We’re already seeing the bad habits that Joshua has developed from the fodder opposition. Instead of going out and being careful with his opponents and boxing them, Joshua just rushes out and throws wild shots until he scores a quick 1st or 2nd round knockout. That bum rushing style almost cost Joshua in his last fight against Whyte, when Joshua was clicked by a big left hook while throwing his primitive haymaker shots. It was lucky for Joshua that Whyte hurt his shoulder in that round because things could have been bad for him if not for that lucky break.
“This guy has as much height and reach as I do but he is awkward on top of that. I think it’s going to be a good fight and I am looking forward to seeing what happens and I want to see the result,” said Wilder. “I make it a 50-50 – this is too close a fight to call,” he said. “If he loses, I think a lot of people are going to be heartbroken and sad about it.”
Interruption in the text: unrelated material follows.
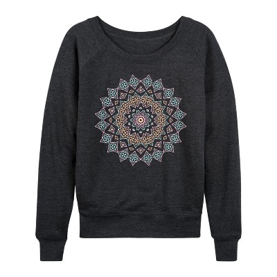 Women's Instant Message Black Cat On Mandala Moon Lightweight French Terry Wide Neck Long Sleeve Graphic Shirt - Heather Charcoal - X-Large

Oh, you can bet that there will be a lot of Joshua’s fans heartbroken if he gets whipped by Martin on Saturday night. I can see a lot of fans crying big crocodile tears over Joshua’s loss. But instead of blubbering about Joshua’s loss, his fans need to be blaming his promoter Eddie Hearn, because he’s the one that put Joshua in with such awful opposition in the first 14 fights of his career.
Hearn is the one that failed to have Joshua’s trainer correct the mistakes he was making in his fights against his 3rd tier opposition. I mean, if you’re going to let your fighters faced D-level fighters, then you need to sit them down and tell them that his opposition is to help them develop skills. You want your fighter to learn how to actually box at the pro level, and you want them also to develop their stamina by going longer rounds.
What you don’t want is your fighter to blast out some poor sap in the 1st or 2nd round because that’s not going to help them. Hearn should have told Joshua to slow things down because he needs to learn from these fights, and most importantly, he needs to develop his stamina to fight longer bouts. We haven’t seen Joshua fight one 10 round bout since he turned pro. You can think the soft match-making that Hearn has set Joshua up for that, but also you can think the fact that Joshua wasn’t forced to slow things down with his poor opposition in order to develop his stamina.
The winner of this fight on Saturday between Joshua and Martin is going to be in great shape to get a big money unification fight later this year against the likes of Deontay or Tyson Fury. Those are fights that will bring a lot of sweet cash for the Joshua vs. Martin winner. Even someone like David Haye, who doesn’t rate a world title shot right now, would be an option for the winner of the Martin-Joshua fight. Haye has been talking about wanting to fight the winner of the fight. Well, I think they need to call Haye’s bluff to see if he’s serious by offering him the fight. It would be funny as heck of Haye started stammering and saying he’s not ready to fight the winner.